Heinz Dürr saw himself as a committed SME entrepreneur. To him, SME meant “personal instead of technocratic leadership. The company boss knows his staff and talks to them.” In keeping with his Swabian mentality, Heinz Dürr always advised his employees to be modest: “If you think you are somebody, you stop becoming somebody.”
From 1990 to 2013, Heinz Dürr was Chairman of the Dürr AG Supervisory Board. Since 2006, Prof. Alexandra Dürr, one of Heinz and Heide Dürr’s three daughters, has represented the family, which holds a 29.7% share, on the Supervisory Board. Heinz Dürr maintained close ties with the company as Honorary Chairman of the Supervisory Board until the end. The Berlin-based entrepreneur frequently visited locations in Germany and abroad. With passion and a wealth of memories and anecdotes, Heinz Dürr was committed to celebrating the 125th anniversary of “his” company in 2022.

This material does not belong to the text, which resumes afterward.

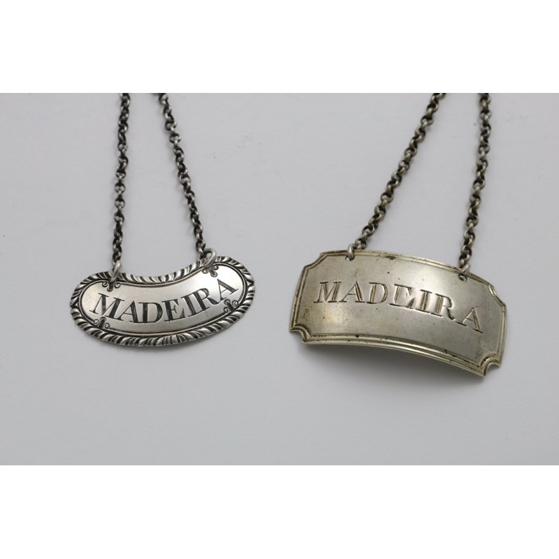 A reeded rectangular example with incurved corners incised "MADEIRA", maker's mark twice, and a kidney-shaped example with feather-edging incised & filled "MADEIRA", maker's mark and lion passant, London 1775-80; the larger one 2.2" (5.5 cms) long; 0.8 oz (2)

According to Heinz Dürr, his wife Heide was always his most important advisor. Together with her, he founded the Heinz and Heide Dürr Stiftung in 1998, based on Section 14 of the German Basic Law: “Property entails obligation. Its use shall also serve the public good.” The foundation focuses mainly on science and research, early-years education, and German-speaking theater.

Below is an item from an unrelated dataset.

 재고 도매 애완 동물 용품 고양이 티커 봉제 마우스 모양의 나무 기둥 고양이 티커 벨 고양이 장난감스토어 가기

In recent years, Heinz Dürr has focused intensively on the topics of energy efficiency, digitalization, and artificial intelligence. Being an avid reader, Heinz Dürr admired the Austrian author Thomas Bernhard, and had written three books himself: “In der ersten Reihe — Aufzeichnungen eines Unerschrockenen” (In the front row — notes from a dauntless man); “Über das Alter — Ein Gespräch mit Cato über Jugendwahn, Weisheit und Vergänglichkeit” (Talking about age — a conversation with Cato on the obsession with youth, on wisdom, and on transience); “Alter Mann, was nun? Zwischenrufe aus der letzten Reihe” (What now, old man? Interjections from the back row). In his books, he reflected — sometimes tongue-in-cheek — on his career and on getting older. Heinz Dürr worked in his office on Berlin’s Gendarmenmarkt well into old age, and had close ties both in Germany’s capital and in his Swabian home province.
Dr. Jochen Weyrauch, CEO of Dürr AG, about Heinz Dürr:
“The Dürr Group with its more than 20,000 employees mourns the death of Heinz Dürr. He set the course for our current success and was a role model and unifying figure well into old age. Heinz Dürr has shaped the DNA of our company — with confidence, wisdom, a belief in what is possible and great closeness to our employees. He also took on responsibility beyond his own company and helped shape the history of the German economy. As an entrepreneur, Heinz Dürr has always thought outside the box and questioned things. This made him an extraordinary personality with an impressive range of interests and insatiable curiosity.”